兵庫県・西宮体育館で医療チームの調整役となった筆者(阪神・淡路大震災時)

 私自身、これら二つの大震災で発災直後から現地支援にあたったが、私の正直な印象として、東日本大震災では阪神淡路大震災どころか、途上国の災害支援と比較しても「こんな対応でいいの?」と首を傾げることが多かったのである。日本には資源(ヒト・カネ・モノ)があるのに、どうしてこの程度の緊急支援に留まってしまうのだろう。そんな驚きであり、悔しさでもあった。

「ソマリア以下」だった東日本の支援

 東日本大震災の発生時、私はソマリアで保健・栄養・水衛生支援事業を統括していた。内戦・紛争が20年以上も続くその国では、干ばつや飢饉、コレラなどの疫病も流行し、多くの人々が死亡し、難民や避難民が発生していた。

 人道支援のために設営する避難施設はできるだけ安全な地域に設置するのが基本である。最低でも1人当たりの居住空間は3.5平方メートル(たたみ約2畳分)、食料は2100kcalを提供する。食糧配給が不十分な場合には、特に妊産婦や子供にはタンパク、ビタミン、ミネラルなどが豊富な補助栄養を提供し、ビタミンAや鉄剤などの微量栄養素も与える。栄養スクリーニング、乳幼児検診、産前検診をキャンプ内で日常的に実施し、予防接種やマラリア予防の蚊帳など現地で流行しうる感染症への予防対策も行う。

ソマリア難民用のシェルター

 緊急事態であっても、いやそのような状況だからこそ、人々が享受すべき支援には明確な最低基準を設ける必要がある。そうでなければ、「ここは途上国だから…」と妥協したり甘えたりして、必須サービスが行き渡らなくなるからだ。援助する団体によってサービスの質にもばらつきが出てしまう。共通の道標があることで、国連機関もNGOもそれに向かって努力する。

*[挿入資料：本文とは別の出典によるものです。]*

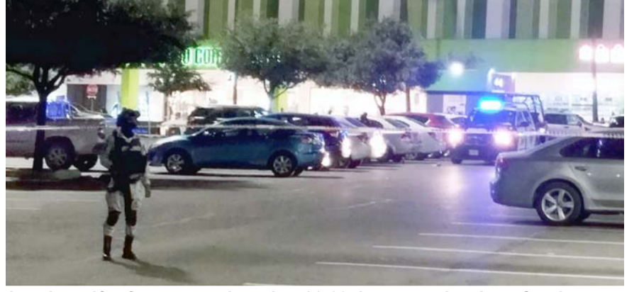
La ejecución fue reportada a las 20:00 horas en la plaza Sendero, en Apodaca

Los efectivos ministeriales buscaban entre las cámaras de seguridad, las características del presunto criminal y saber la forma en que se dio a la fuga la noche del lunes.
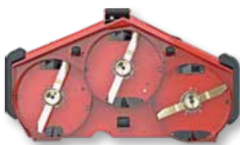
(A) (B) (C)

Toros Recycler®-teknik arbetar för att bearbeta klippet så att det blir fint nog att filtreras ner i gräset, istället för att bara släppa det ovanpå gräset. Toro Recycler®-klippare är särskilt konstruerade för att hantera stora klippvolymmer. Patenterade gräsplåtar och specialutformade knivar maximerar luftflödet och förvandlar gräsklippet till fina strimlor. Slutresultatet är en renklippt gräsmatta utan att du behöver samla upp gräsklippet och näringsämnena och fukten i klippet återförs till gräsmattan.
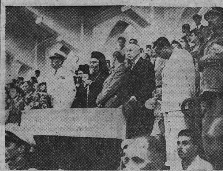
El conde Bernadotte, el obispo de Rodas y el gobernador Mavis, presentando un encuentro atlético en el estadio de Rodas. El obispo colabora con el mediador para el éxito de sus gestiones de paz entre los árabes y judíos de Tierra Santa.

Expedientes de indulto y de libertad condicional. HACIENDA. —Expedientes de crédito y trámite. DECRETOS DE PERSONAL. —Expedientes de trámite e informe sobre asuntos del Departamento. AGRICULTURA. —Expedientes de trámite. EDUCACION NACIONAL. —Informe sobre diversos asuntos del Departamento. OBRAS PUBLICAS. —Decretos. (Continúa en cuarta página)
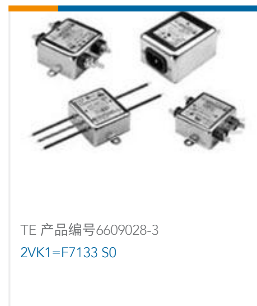
TE 产品编号6609028-3 2VK1=F7133 S0
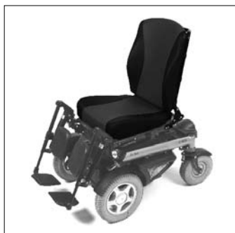
Sedile Contour EC03 e EC04
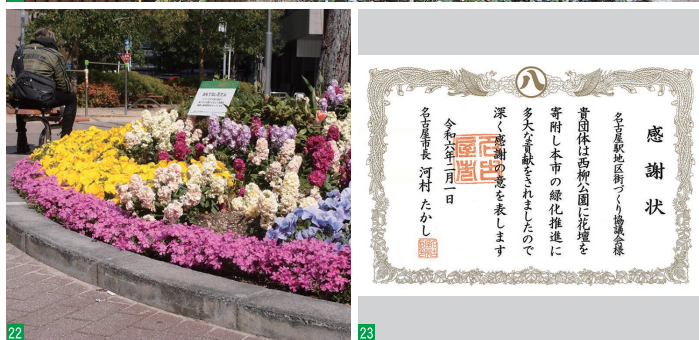
18:全国エリアマネジメントネットワーク総会 19:新幹線札幌駅東地区まちづくり勉強会 視察・ヒアリング対応 20:名古屋駅地区防災講演会 21:感謝状贈呈式 22:西柳公園花壇整備 23:感謝状受領
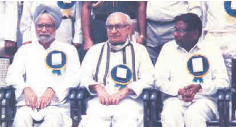
మన్మోహన్ సింగ్, కృష్ణకాంత్ లతో - 1992
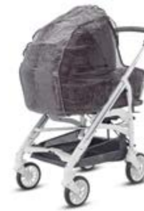
Burbuja para capazo Habillage pluie pour nacelle A096KB000
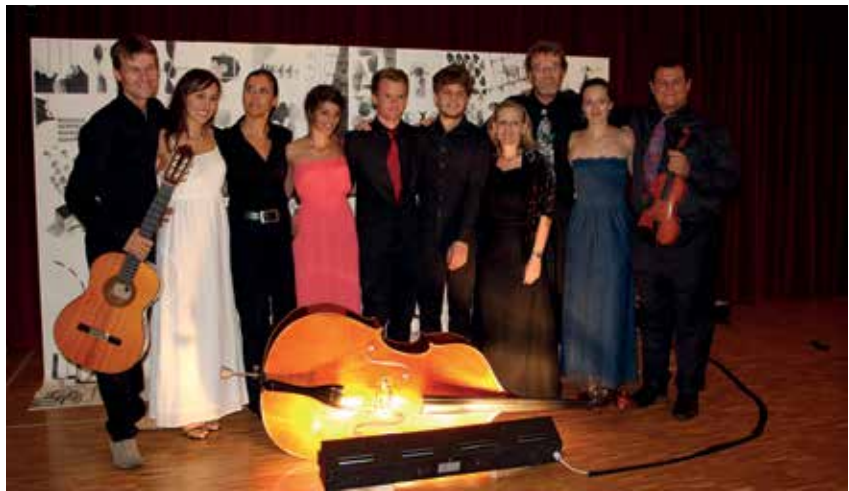
Immagini di alcuni appuntamenti di "Tutti i colori della pace"

mo nel nostro impegno consci che la cultura, rifacendosi al significato originario, ovvero coltivare, richiede un'assidua cura. Siamo convinti che l'offerta culturale debba essere quanto più possibile varia e di qualità in modo da offrire a tutti occasioni di arricchimento e di crescita.
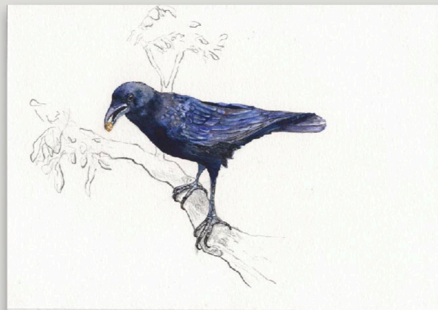
Estudos sobre a terra: inventário de fauna e flora Gralha-Preta, 2016. Aquarela e acrílico sobre papel 30 x 21 cm
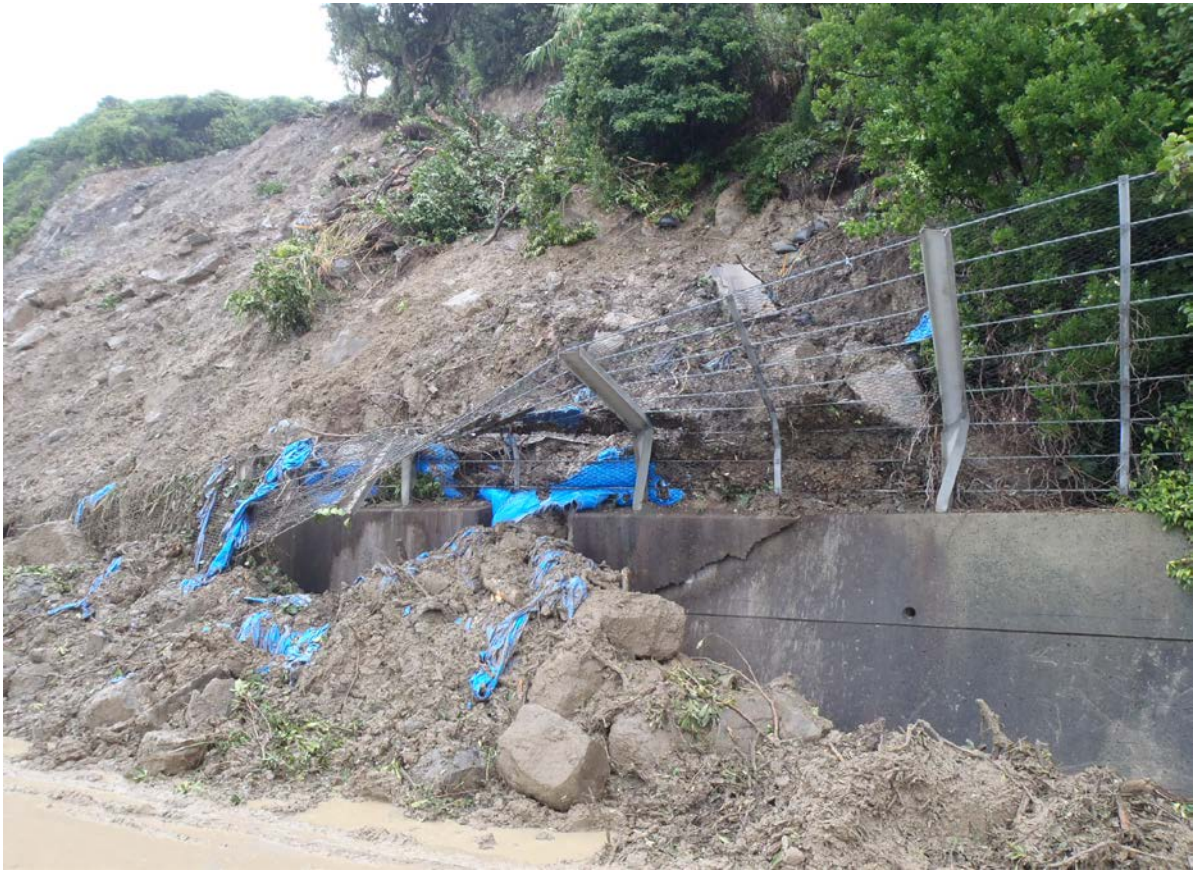
《宮崎市側から》 6月23日9時頃
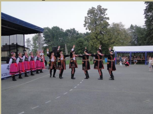
Pożegnanie lata w Gminie Rzeszawa
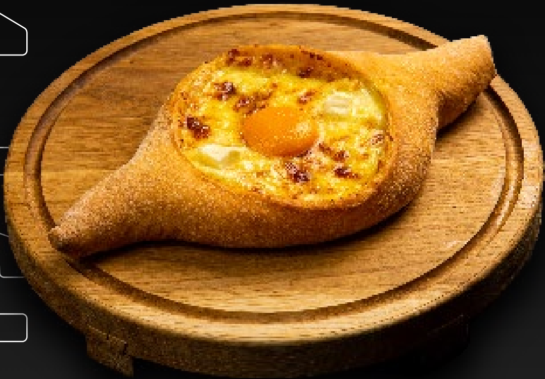
ХАЧАПУРИ 630 по-аджарски
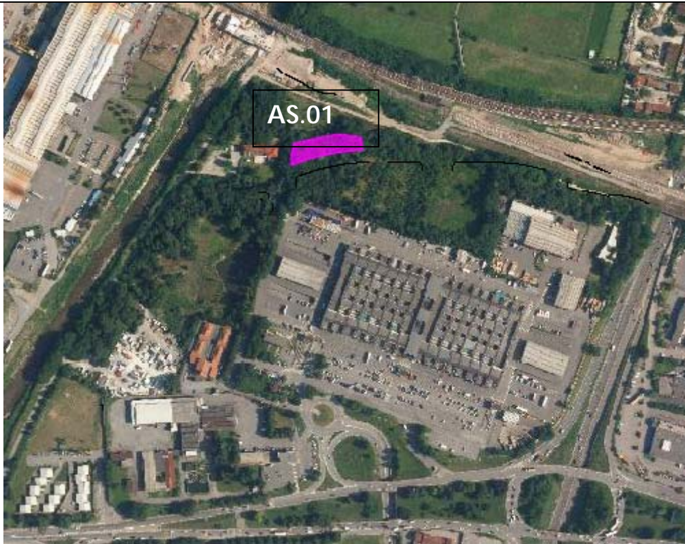
Vista aerea dell' AS.01
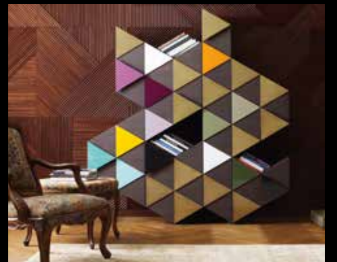
ARLEQUIN design Ferruccio Laviani
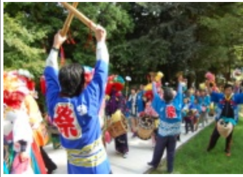
綺麗になった参道での楽打ちの様子

十月十八日(金)「谷八幡宮例大祭」が開催されました。雨の日が続いていましたが、当日は天候にも恵まれ、澄んだ青空の下で、色鮮やかな衣装と賑やかな楽打ちが谷間を彩りました。鳥居の前で全地区が集合し、新たに改修工事がされた参道では、楽打ちがよりいっそう美しくみえました。境内では楽打ちの奉納が盛大に行われた後、年祭りや御神輿が担がれまし
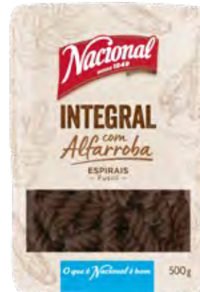
ESPIRAIS INTEGRAIS COM ALFARROBA WHOLE WHEAT FUSILLI WITH CAROB
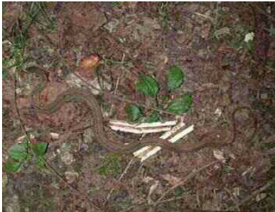
タカチホヘビ (ナミヘビ科)

 社会インフラも治安も世界最悪といわれていたソマリアである。そう簡単にサービスを届けられない場所も実際にはある。しかし、そんな劣悪な状況下でも、これらの最低基準を超えることも不可能ではなかったのだ。

 だからこそ、東日本大震災の現場を見て驚いたのである。発災後1か月を経っても、津波で車や家が流され破壊され、時には墓石が散乱しているような、凄惨な光景が周りに広がる学校の体育館や校舎で人々が避難生活をしている。体育館の床の上に毛布を敷いてそのまま寝ている空間は、1人当たり1畳程度。仕切りもなくプライバシーもない。寝ている横を人々が土足で歩く。土埃が舞って寝ている人がそれを吸引する。津波は化学工場や石油タンクなども破壊していた。有害化学物質などを含む汚染された土壌がその土埃に含まれている可能性もあった。

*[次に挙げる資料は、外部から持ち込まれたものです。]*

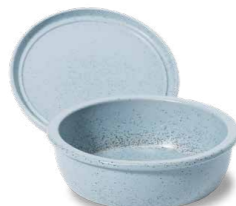
Keltentopf® mit Keltenplatte H 9 cm | Ø 30,5 cm | Vol. 3,0 l | 2,7 kg H 2,7 cm | Ø 30,5 cm | 1,4 kg
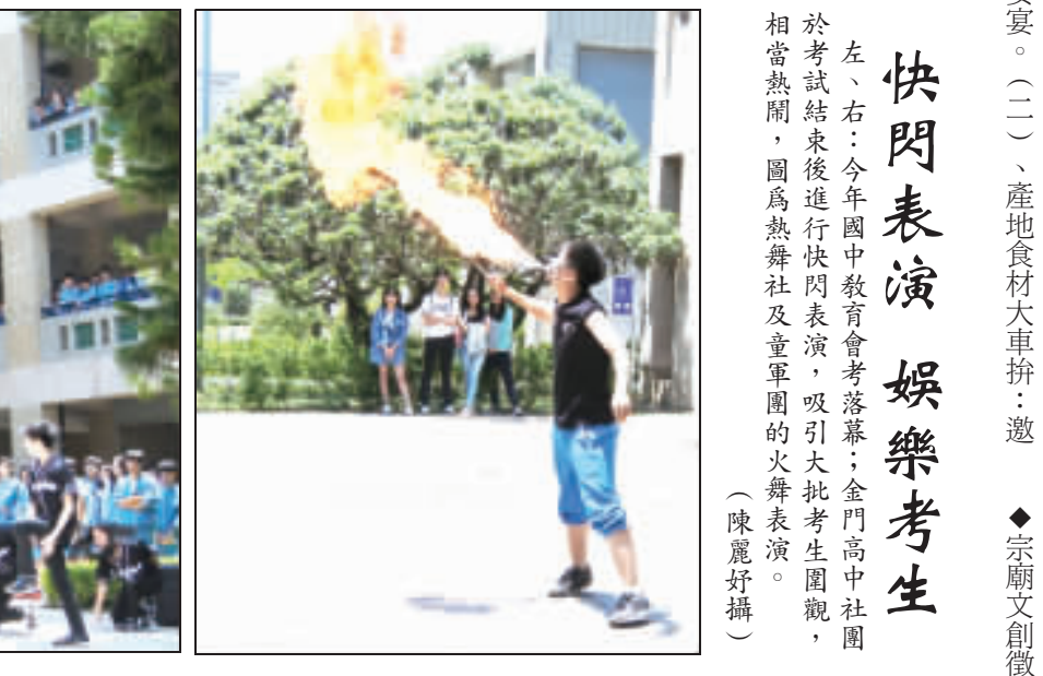
快閃表演 娛樂考生
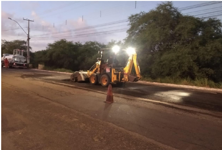
Equipes do DER-RN realizam primeiros serviços de recuperação da via

As obras do Programa de Restauração de Trechos Críticos estão beneficiando rodovias estaduais em todas as regiões do estado. As mais adiantadas são a recuperação da RN-078, no trecho entre a BR-226 e a divisa com a Paraíba, um trecho de 9,6 km, onde
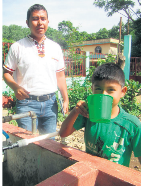
La clientèle de neuf écoles d'El Asintal, au Guatemala, pourra bénéficier d'une eau de qualité.

Avec 4 000 $, les familles relocalisées de la communauté rurale de Santo Domingo Alto, au Pérou, pourront s'approvisionner en

 1階が津波で被害を受けているため、学校校舎の2階や3階で高齢者が生活していることもあった。校庭にある仮設トイレまでは、体の不自由な高齢者にとっては遠い道のりである。そのため廊下で用を足し、その臭いが周辺に充満する避難所もあった。

 発災後1か月も経っているのに食事は一日2食、それもおにぎりや菓子パンばかり。宮城県内の避難所241か所で実施した栄養調査の結果では、避難者のエネルギー摂取は1600kcalにも満たず、ビタミンやタンパク摂取も目標値の5割から8割程度。半砂漠の悪路をトラックで数日もかかるソマリアの避難民キャンプならわかるが、それは日本の話。それも避難所から車で10分も行けば、コンビニやレストランも開いていた時期である。

 そんな状況を見て思わず、「ここはソマリア以下」と私は口走ってしまった。十分に支援できる資源があるのに、迅速に適切にそれらを提供できないのはおかしい。